Axolotl v0.17.0 Release Notes
Another packed release. ~84 commits since v0.16.1 last month, bringing Expert Parallelism for MoE training, BitNet 1.58-bit fine-tuning, remote training via Tinker, context parallelism for hybrid SSM models, MXFP4 ScatterMoE-LoRA, fused RMSNorm+RoPE kernels for the Qwen3 family, a systemic fix for multimodal loss masking, a uv-first install path, and a long tail of stability/perf work on FSDP2, Gemma 4, and DPO.
Highlights
Expert Parallelism (EP) via DeepEP
Distributed MoE training across ranks via DeepSeek's DeepEP all-to-all kernels, verified on 2×A100, 4×A100, 8×H100, and EP + FSDP composition. Hopper low-latency kernels and TP/CP composition are follow-ups. See the Expert Parallelism docs and DeepEP integration guide.

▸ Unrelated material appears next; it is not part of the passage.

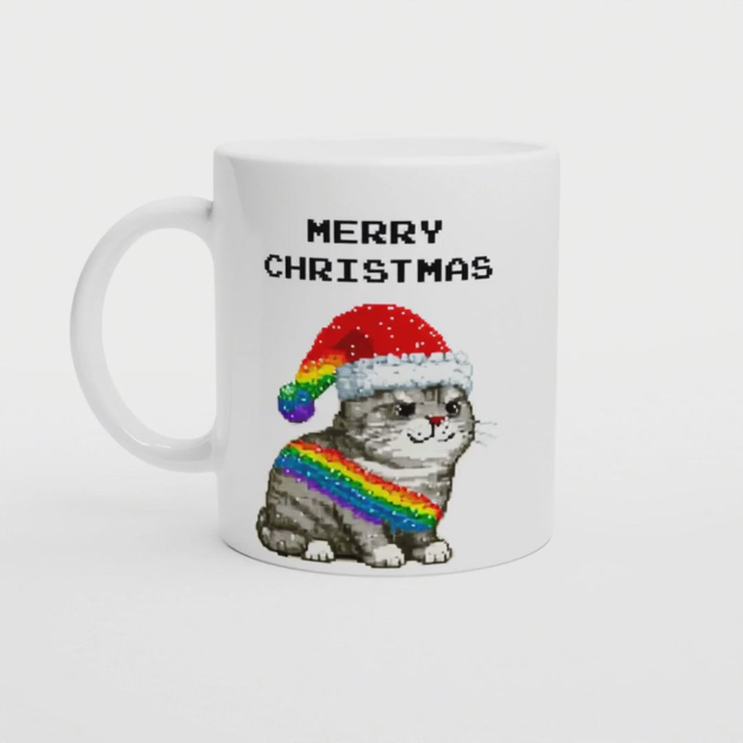 Weihnachtstasse inspiriert von Nyan Cat; Wichtelgeschenk, Pixel Katze, Meme Tasse, Geschenk Kollege, Christmas, Anime & cartoon

- Contributed by @NanoCode012 in #3632.
Train on Remote Compute via Tinker-compatible APIs
Run training against a Tinker / Hatchery API endpoint instead of local hardware, with example SFT and GRPO configs plus a math reward function for RL workflows.
BitNet 1.58-bit Fine-tuning
Full fine-tuning support for BitNet via the onebitllms library, with config-validation guards against incompatible LoRA setups and a setup guide for post-training conversion.

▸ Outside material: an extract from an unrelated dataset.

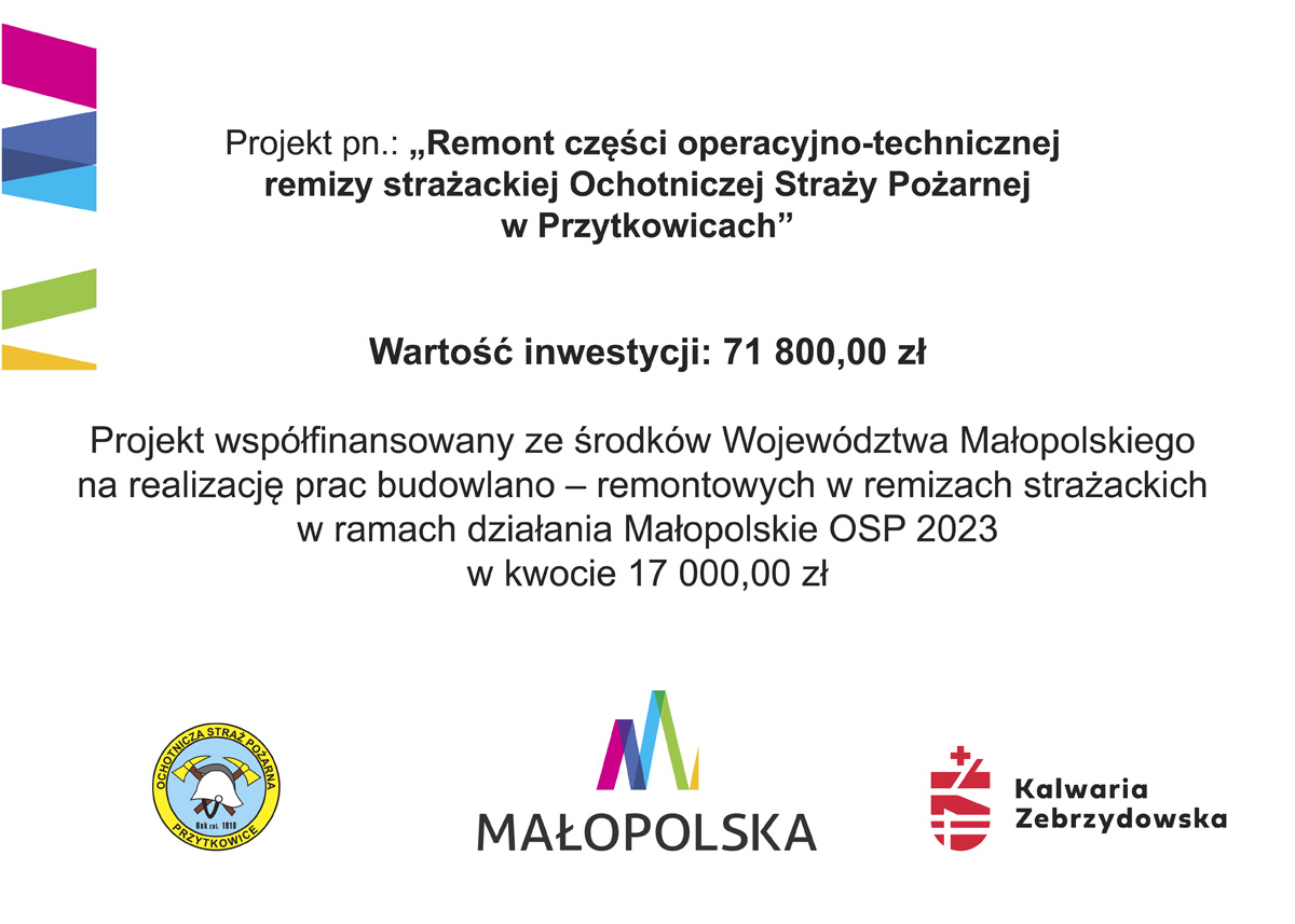 Remont części operacyjno-technicznej remizy strażackiej Ochotniczej Straży Pożarnej w Przytkowicach.
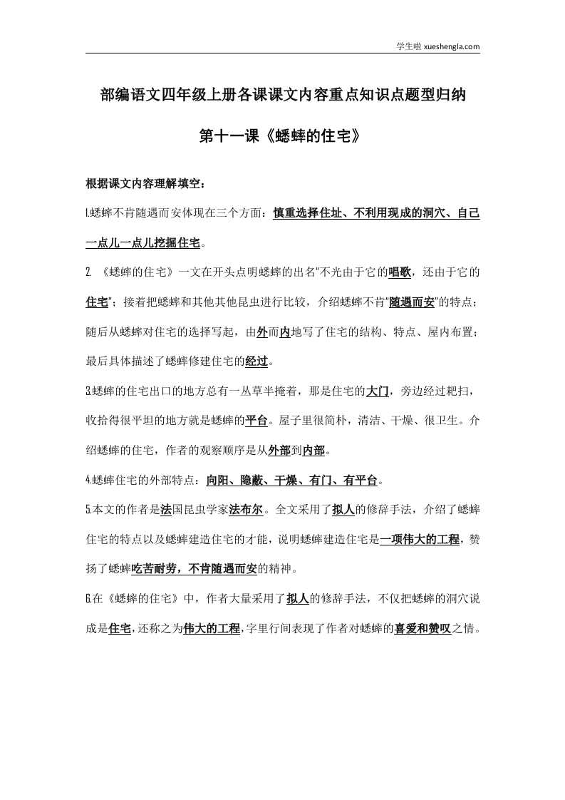 部编语文四年级上册第11课课文内容重点知识点题型归纳

- Contributed by @younesbelkada in #3634 and #3636.
Q-GaLore Optimizer
New memory-efficient optimizer q_galore_adamw8bit based on Q-GaLore. Requires FSDP2, full fine-tuning, and bf16. Not compatible with adapters.
MoRA / ReMoRA Integration
Optional MoRA (Mixture-of-Rank-Adapters) support with ReMoRA restart scheduling, registered through a new plugin-based adapter system so future custom adapters can slot in the same way. A companion ReLoRA cleanup fixes the optimizer reset scope, adds a configurable relora_prune_method, and renames relora_steps → jagged_restart_steps (breaking, see Deprecations).
Multimodal Assistant-only Loss Masking
Fixes a long-standing bug where train_on_inputs / roles_to_train / train_on_eos were silently ignored in the multimodal collator: every model except Gemma 3n was training on the full sequence regardless of config. New per-template strategies for Gemma 4, Llama 3.2 Vision, Llama 4, Pixtral, and Mistral V7 Tekken, plus an opt-in cfg.role_boundaries override for unverified templates.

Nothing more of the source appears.